_Required action_
The result should be the lines from the one holding "Nguồn sáng phát ra từ một" to the final line of the records below, repeated exactly and with no pictures.

### Input for this task

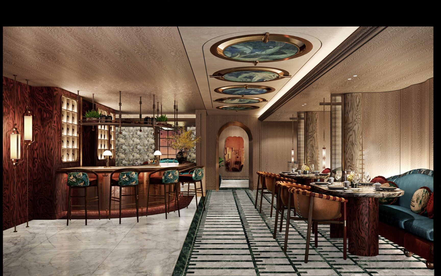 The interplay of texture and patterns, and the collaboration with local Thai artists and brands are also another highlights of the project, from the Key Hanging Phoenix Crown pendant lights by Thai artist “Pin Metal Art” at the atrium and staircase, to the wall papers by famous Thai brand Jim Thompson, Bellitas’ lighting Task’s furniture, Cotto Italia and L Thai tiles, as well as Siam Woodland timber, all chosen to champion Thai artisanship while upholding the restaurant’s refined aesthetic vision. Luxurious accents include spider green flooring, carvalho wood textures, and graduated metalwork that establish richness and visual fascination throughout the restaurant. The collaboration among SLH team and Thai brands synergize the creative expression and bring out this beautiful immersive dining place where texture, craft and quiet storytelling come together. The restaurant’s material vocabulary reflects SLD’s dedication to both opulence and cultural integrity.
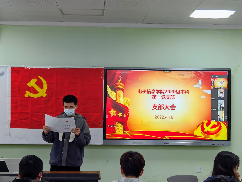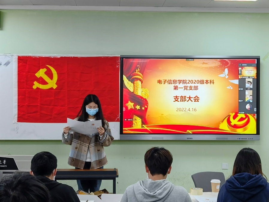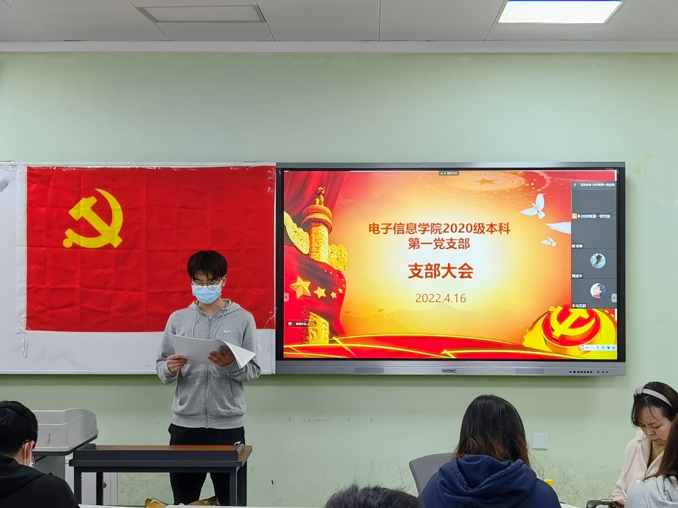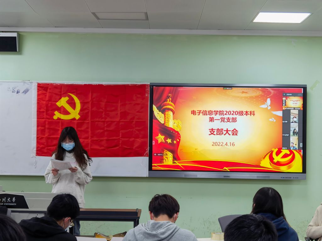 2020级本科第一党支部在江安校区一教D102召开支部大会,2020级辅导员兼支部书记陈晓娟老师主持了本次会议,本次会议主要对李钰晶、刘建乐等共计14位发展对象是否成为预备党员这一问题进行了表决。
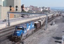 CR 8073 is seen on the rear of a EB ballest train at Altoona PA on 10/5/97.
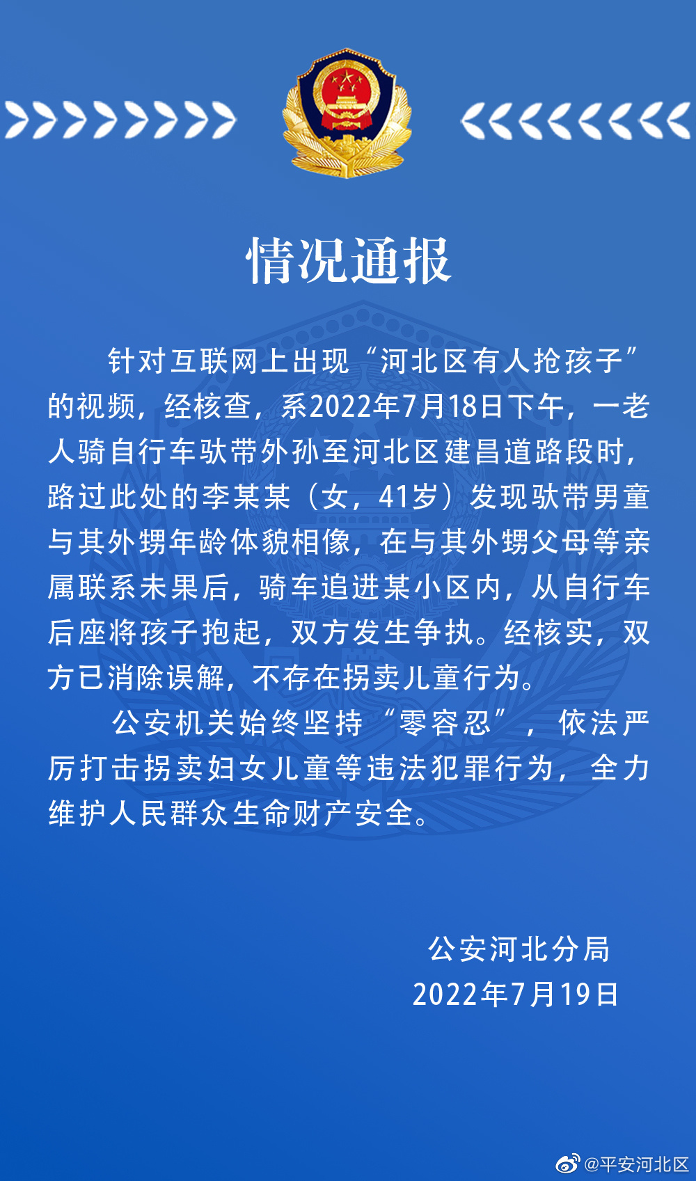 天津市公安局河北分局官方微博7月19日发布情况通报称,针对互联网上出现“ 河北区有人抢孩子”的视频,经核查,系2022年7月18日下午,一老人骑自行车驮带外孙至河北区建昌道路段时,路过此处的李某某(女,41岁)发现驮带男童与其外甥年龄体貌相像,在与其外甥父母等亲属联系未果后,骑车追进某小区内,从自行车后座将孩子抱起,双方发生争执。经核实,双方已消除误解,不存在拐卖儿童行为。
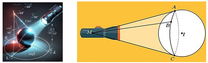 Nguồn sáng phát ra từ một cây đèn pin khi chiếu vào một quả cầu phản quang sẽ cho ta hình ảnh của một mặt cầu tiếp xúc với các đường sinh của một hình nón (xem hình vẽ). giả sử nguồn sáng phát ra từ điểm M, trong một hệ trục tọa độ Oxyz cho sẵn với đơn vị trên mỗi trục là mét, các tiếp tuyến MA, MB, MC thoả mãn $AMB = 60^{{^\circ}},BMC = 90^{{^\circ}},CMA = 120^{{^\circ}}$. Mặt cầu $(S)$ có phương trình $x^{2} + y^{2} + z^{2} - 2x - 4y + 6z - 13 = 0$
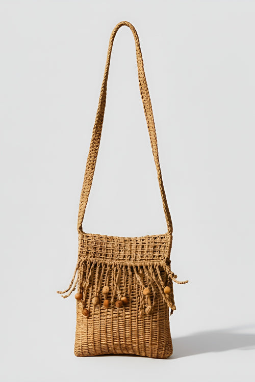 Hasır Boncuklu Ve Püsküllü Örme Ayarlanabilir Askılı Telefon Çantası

######

_Output of the task_
 Nguồn sáng phát ra từ một cây đèn pin khi chiếu vào một quả cầu phản quang sẽ cho ta hình ảnh của một mặt cầu tiếp xúc với các đường sinh của một hình nón (xem hình vẽ). giả sử nguồn sáng phát ra từ điểm M, trong một hệ trục tọa độ Oxyz cho sẵn với đơn vị trên mỗi trục là mét, các tiếp tuyến MA, MB, MC thoả mãn $AMB = 60^{{^\circ}},BMC = 90^{{^\circ}},CMA = 120^{{^\circ}}$. Mặt cầu $(S)$ có phương trình $x^{2} + y^{2} + z^{2} - 2x - 4y + 6z - 13 = 0$
 Hasır Boncuklu Ve Püsküllü Örme Ayarlanabilir Askılı Telefon Çantası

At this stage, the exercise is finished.